● YOUR TASK: Given these entries, repeat exactly the lines starting with the one that has "大湯 繭吏さんの天格は16画の5点!" and going on through the one that has "A six lumières, cristal", both included, but none of the pictures.

____ INFORMATION GIVEN

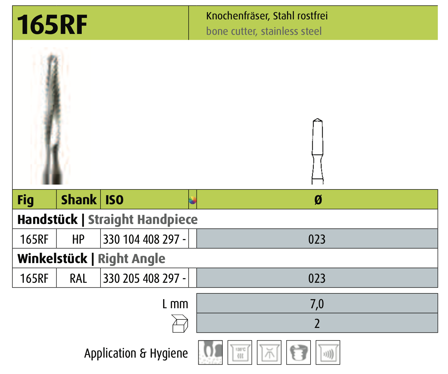 Фреза хірургічна Jota 165RF.104.023 — це спеціалізований інструмент від швейцарського виробника Jota, призначений для різання кістки. Інструмент виготовлений з міцної нержавіючої сталі.
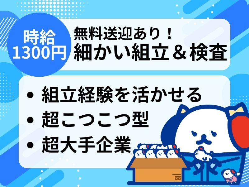 <1度は聞いた事のある大企業!>無料送迎あり◎細かい部品の組立&検査*時給1300円スタート♪
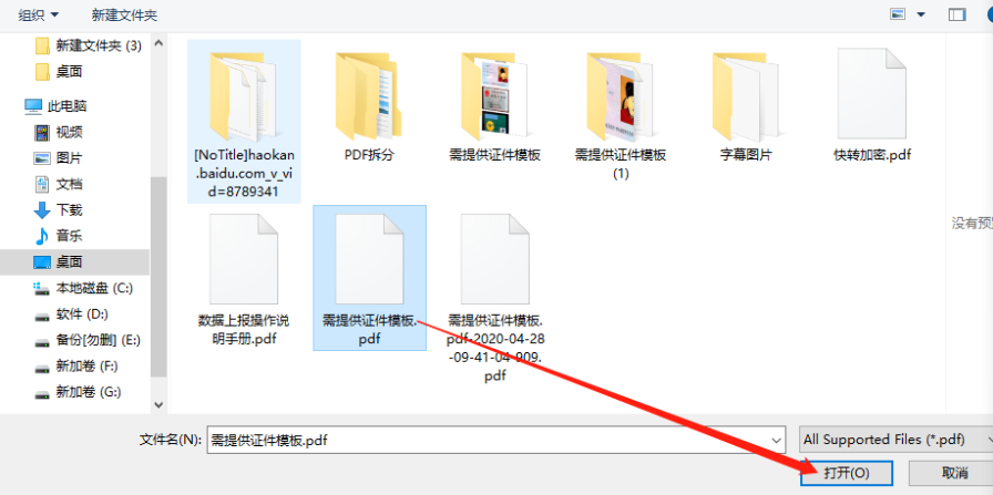 2.点击选择文件按钮之后界面中会出现一个选择文件的界面,在这个界面中我们选中想要提取图片的PDF文件,选中之后点击右下角的打开。
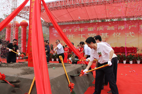 5月8日上午,由重庆越洋房地产公司开发的首个大型典范性项目―重庆越洋广场项目奠基仪式在江北嘴隆重举行。重庆市台办主任王泰来,重庆市台商协会副会长陈开国,重庆越洋房地产公司董事蔡明吉、翁步进、蔡锦松,三建公司董事长杨帆及其他相关单位领导出席仪式。
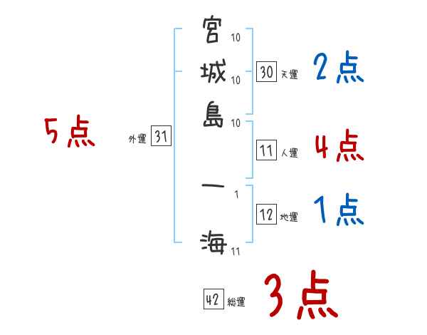 宮城島一海さんの画数の鑑定結果
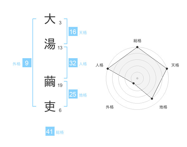 大湯 繭吏さんの天格は16画の5点!
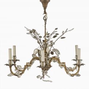 A six lumières, cristal taillé et métal doré à décor de pampille...
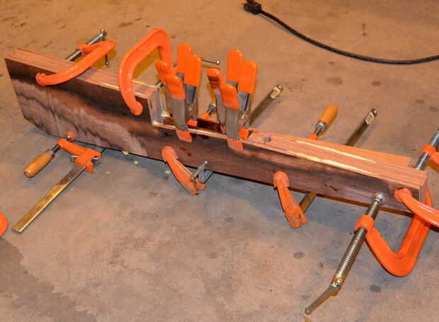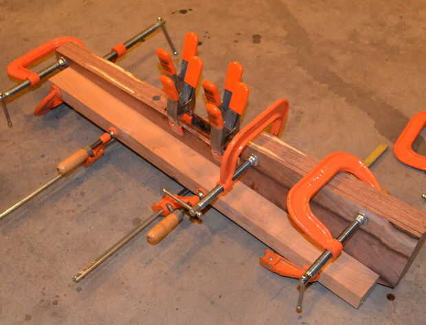 Una vez que la parte "central" se curó, cualquier vacíos se llenaron con una masilla de epoxy de 5 minutos de mezcla- y aserrín. Los lados fueron limpiados en una lijadora de banda una vez que se había curado del epoxi. Los paneles laterales estaban pegados en luego con pegamento de poliuretano - pero - estaba especialmente cuidado de detener la línea de pegamento justo pasando la zona de agarre ya que sabía que sería querer una culata más estrecho y peine. Por no pegar esta sección de los paneles a la base, pude más tarde sólo a través del espesor de los paneles exteriores en los lugares y pop de esas áreas de los lados de la zona de la culata. Seguro que venció tener que moler apagado unos 3/4" de material más adelante. Una vez que el pegamento se curó, squeeze-out fue quitado (con un cincel afilado), cualquier vacíos fueron llenados, y la forma áspera se limpió con una lijadora de banda (solo para tener un borde limpio para trabajar con).
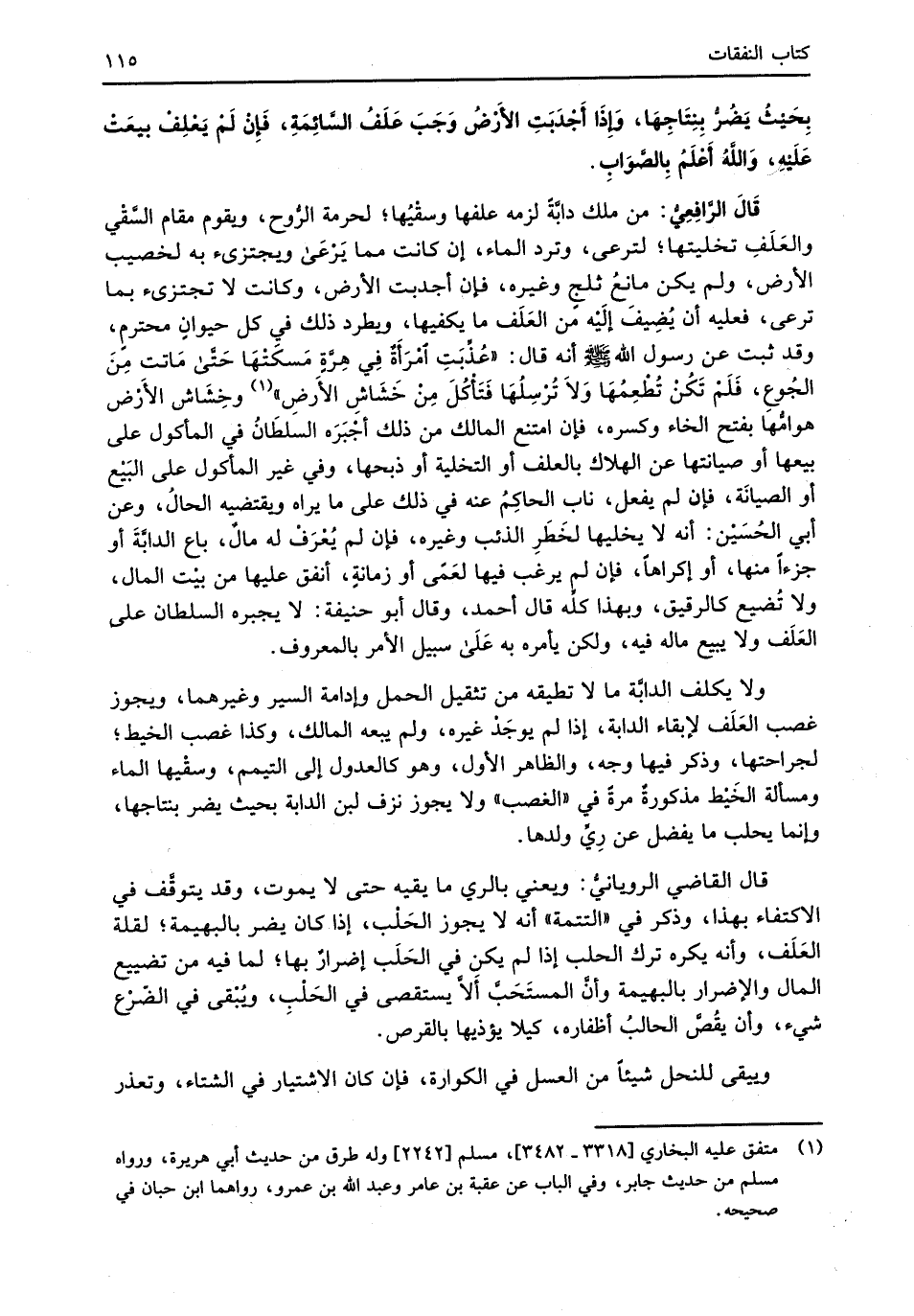 قال القاضي الرويانيُّ: ويعني بالري ما يقيه حتى لا يموت، وقد يتوقَّف في الاكتفاء بهذا، وذكر في "التتمة" أنه لا يجوز الحَلْب، إذا كان يضر بالبهيمة؛ لقلة العَلَف، وأنه يكره ترك الحلب إذا لم يكنِ في الحَلَب إضرارٌ بها؛ لما فيه من تضييع المال والإضرار بالبهيمة وأنَّ المستَحَبَّ ألاَّ يستقصى في الحَلْبِ، ويُبْقى في الضّرْع شيء، وأن يقُصَّ الحالبُ أظفاره، كيلا يؤذيها بالقرص.

________

● RESULT FOR THIS EXERCISE:
 大湯 繭吏さんの天格は16画の5点!
 A six lumières, cristal taillé et métal doré à décor de pampille...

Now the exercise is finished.